Sautéed Kale and Grapes

Small tastes of the warm Kale and Grapes for the cooking class
(photography Julie Farrell) 

 Filling the measuring cup with grapes sliced in half.  One full cup of grapes is perfect
 with one bunch of kale

 Use the largest sauté pan (frying pan) that you have.  You don't want the kale to steam, instead you
want it to be crispy and browned.  Cook the kale completely first and then push the cooked kale to the side and add the grapes.

After the grapes have cooked for a few minutes combine them with the kale and serve.
This dish goes well with almost anything.  I've added pecans and served it over halibut.  
I've often served it as a side dish with roast chicken.  The other day we tried it with beef and 
that was good too.

Notes on the Kale Salad recipe from one of the cooking class students 

Something magical happens when you cook grapes.  This is one of those recipes where someone's eyes light up when they eat the grapes and they say "what did you do to make those grapes taste so amazing!"  The answer is so simple:  heat.  There is not magic ingredient just a the magic trick that happens when you take a cold grape and cook it in a sauté pan:  the sweetness is intensified and the flavor transformed.   
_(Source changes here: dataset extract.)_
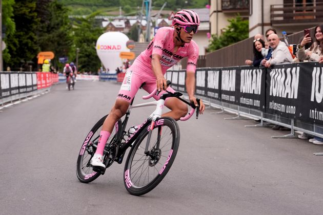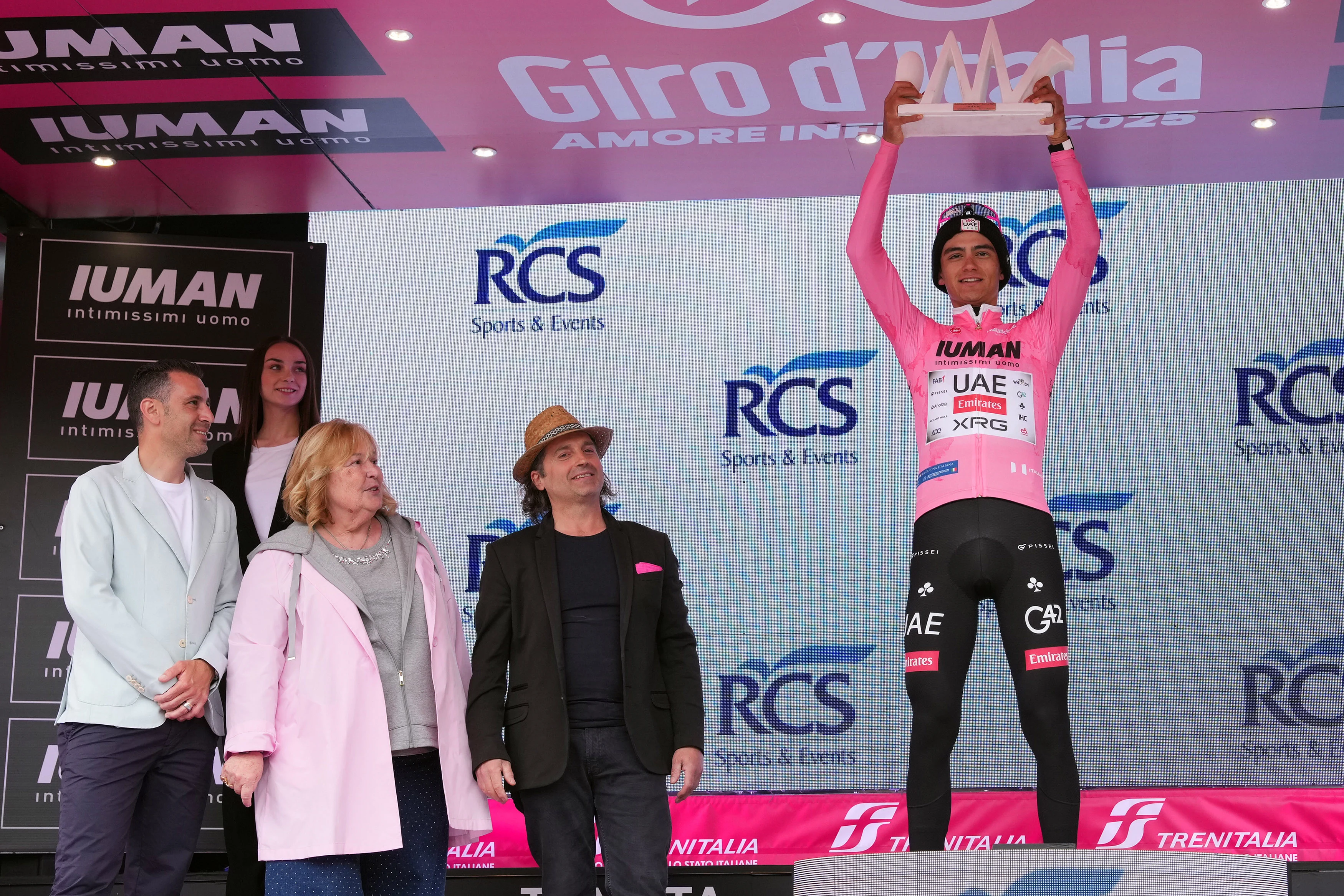 Maglia Rosa, leader della Classifica Generale, sponsorizzata da IUMAN – Intimissimi Uomo – Isaac Del Toro (UAE Team Emirates XRG)

For those of you who have made the now famous Gina Salad (warm grapes, warm bigs, caramelized balsamic onions, goat cheese and marcona almonds over arugula)  you already know how warm fruit tastes like nothing else in a salad or side dish.  And even if that warm fruit cools, it has already undergone a metamorphosis that changes the taste of the original raw fruit.  (just think of any raw ingredient and how it changes once you roast it.)  And I'm not trying to get too carried away on a tangent (as a tend to do) but you can also roast whole grapes in the oven.  Clark Staub from Flatbread roasted entire bunches of grapes in the oven as a side dish for one of his farm to table dinners.  They were amazing.  In fact I'm going to do a separate post on oven roasted grapes but I've made hyperlinks to Clark's recipe here.

Now back to our kale and grapes recipe. While there are a number of type of ale there are two main types of Kale that most people cook with:  Curly Kale or Lacinto Kale.  Curly Kale is the kale you see in most grocery stores and that previously was thought only as a green background garnish until its recent nutritional powerhouse health benefits put it in its own league protecting against cancer as well as being cholesterol-lowering and packed full antioxidants and vitamins.  It is high in Calcium, Iron, Vitamin C, Vitamin A and is high in fiber.  So I'm glad to hear that it is healthy but I'm personally all about taste and I'm addicted to it.  It must have something my body needs, because I literally crave it and eat it at least once a week either cooked or in a kale salad (with lime or lemon juice, feta cheese, carrots and nuts.)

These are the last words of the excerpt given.